理解特征工程

入门TensorFlow的第二道拦路虎就是特征工程，也就是各种示例代码中经常出现的tf.feature_column.xxx。为了理解特征工程，我查阅了一些资料和代码，下面是我的总结。

什么是特征工程

在去训练一个模型的时候，总会用到原始数据。原始数据是每列有着含义的N行数据。所谓特征工程就是把原始数据的列转换成特征的过程。

什么是特征

在机器学习和模式识别中，特征是在观测现象中的一种独立、可测量的属性。选择信息量大的、有差别性的、独立的特征是模式识别、分类和回归问题的关键一步。

原始数据的列为什么不是特征

特征是从原始数据的列转换而来。从关系上来说，可能是一对一，也可能是多对一（比如经度和维度两列合成一个特征），原始数据还可能存在冗余列，比如年龄和出生年月；从数据类型上来说，原始数据可以是任意类型，但特征一定是数字或者布尔；从数值上来说，原始数据随心所欲，特征可能就要格式化或者归一化；从代码层面上来说，特征应该是tensorflow框架指定的数据类型feature_column。所以原始数据的列和特征有着区别。

怎么做特征工程

st=>start: Start
e=>end: END
op1=>operation: 特征提取
op2=>operation: 特征选择
op3=>operation: 特征构建
op4=>operation: 评估模型
cond=>condition: 效果?
st->op1(right)->op2(right)->op3(right)->op4(right)->cond
cond(yes)->e
cond(no)->op2

特征构建

使用numeric_column构建数值特征

numeric_column的入参如下：

numeric_column(
    key,
    shape=(1,),
    default_value=None,
    dtype=tf.float32,
    normalizer_fn=None
)

下面是一些例子：

numeric_feature_column = tf.feature_column.numeric_column(key="SepalLength")
# 默认数据类型是tf.float32，可以显示指定为tf.float64
numeric_feature_column = tf.feature_column.numeric_column(key="SepalLength",dtype=tf.float64)
# 可以通过shape指定特征的形状
vector_feature_column = tf.feature_column.numeric_column(key="Bowling",shape=[10])
matrix_feature_column = tf.feature_column.numeric_column(key="MyMatrix",shape=[10,5])

使用bucketized_column构建分区特征

bucketized_column的入参如下：

bucketized_column(
    source_column,  # 必须是numeric_column
    boundaries
)

下面是一个例子：

# A numeric column for the raw input.
numeric_feature_column = tf.feature_column.numeric_column("Year")
# Bucketize the numeric column on the years 1960, 1980, and 2000
bucketized_feature_column = tf.feature_column.bucketized_column(
    source_column = numeric_feature_column,
    boundaries = [1960, 1980, 2000])

在创建存储分区化列之前，我们先创建了一个数值列来表示原始年份。
我们将数值列作为第一个参数传递到 tf.feature_column.bucketized_column() 中。
指定一个三元素 boundaries 矢量可以创建一个四元素存储分区化矢量

使用categorical_column_with_vocabulary_list构建分类词特征

categorical_column_with_vocabulary_list的入参如下：

categorical_column_with_vocabulary_list(
    key,
    vocabulary_list,
    dtype=None,
    default_value=-1,
    num_oov_buckets=0
)

key: feature名字
vocabulary_list: 对于category来说，进行转换的list.也就是category列表.
dtype: 仅仅string和int被支持，其他的类型是无法进行这个操作的.
default_value: 当不在vocabulary_list中的默认值，这时候num_oov_buckets必须是0.
num_oov_buckets: 用来处理那些不在vocabulary_list中的值，如果是0，那么使用default_value进行填充;如果大于0，则会在[len(vocabulary_list), len(vocabulary_list)+num_oov_buckets]这个区间上重新计算当前特征的值.

下面是一个例子：

# Given input "feature_name_from_input_fn" which is a string,
# create a categorical feature to our model by mapping the input to one of 
# the elements in the vocabulary list.
vocabulary_feature_column =
    tf.feature_column.categorical_column_with_vocabulary_list(
        key="feature_name_from_input_fn",
        vocabulary_list=["kitchenware", "electronics", "sports"])

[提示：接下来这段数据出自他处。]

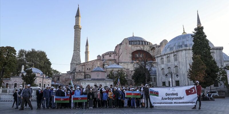 Ayasofya-i Kebir Camii’nin önünde gerçekleştirilen etkinliğe, TÜGVA, Azerbaycan Gençlik Vakfı ve bazı sivil toplum kuruluşu üyeleri, öğrenciler ve Azeri gaziler katıldı.
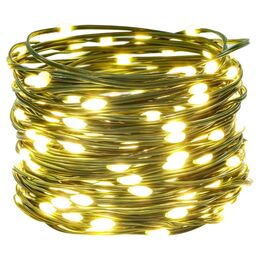 Πρόκειται για μια γιρλάντα 10 μέτρα + 5 μέτρα καλωδίου τροφοδοσίας που αποτελείται από 100 LED λαμπάκια σε σειρά, όπου εκπέμπουν θερμό φωτισμό.

vocabulary_list在词汇列表较长的时候，需要手工输入很多。所以这个方法有个改进的方法，从文件中读取词汇列表。如下：

# Given input "feature_name_from_input_fn" which is a string,
# create a categorical feature to our model by mapping the input to one of 
# the elements in the vocabulary file
vocabulary_feature_column =
    tf.feature_column.categorical_column_with_vocabulary_file(
        key="feature_name_from_input_fn",
        vocabulary_file="product_class.txt",
        vocabulary_size=3)

# product_class.txt should have one line for vocabulary element, in our case:
kitchenware
electronics
sports

使用categorical_column_with_hash_bucket构建哈希分区特征

categorical_column_with_hash_bucket的入参如下：

categorical_column_with_hash_bucket(
    key,
    hash_bucket_size,
    dtype=tf.string
)

下面是一个例子：

# Create categorical output for input "feature_name_from_input_fn".
# Category becomes: hash_value("feature_name_from_input_fn") % hash_bucket_size
hashed_feature_column =
    tf.feature_column.categorical_column_with_hash_bucket(
        key = "feature_name_from_input_fn",
        hash_buckets_size = 100) # The number of categories

哈希分区构建特征的思路与前面不一样，前面都是先有分法，再去构建特征，而哈希分区是我有数据之后，我愿意给他分多少类，我就设置hash_buckets_size是多少。size值越大也容易精确的分桶，但开销也越大。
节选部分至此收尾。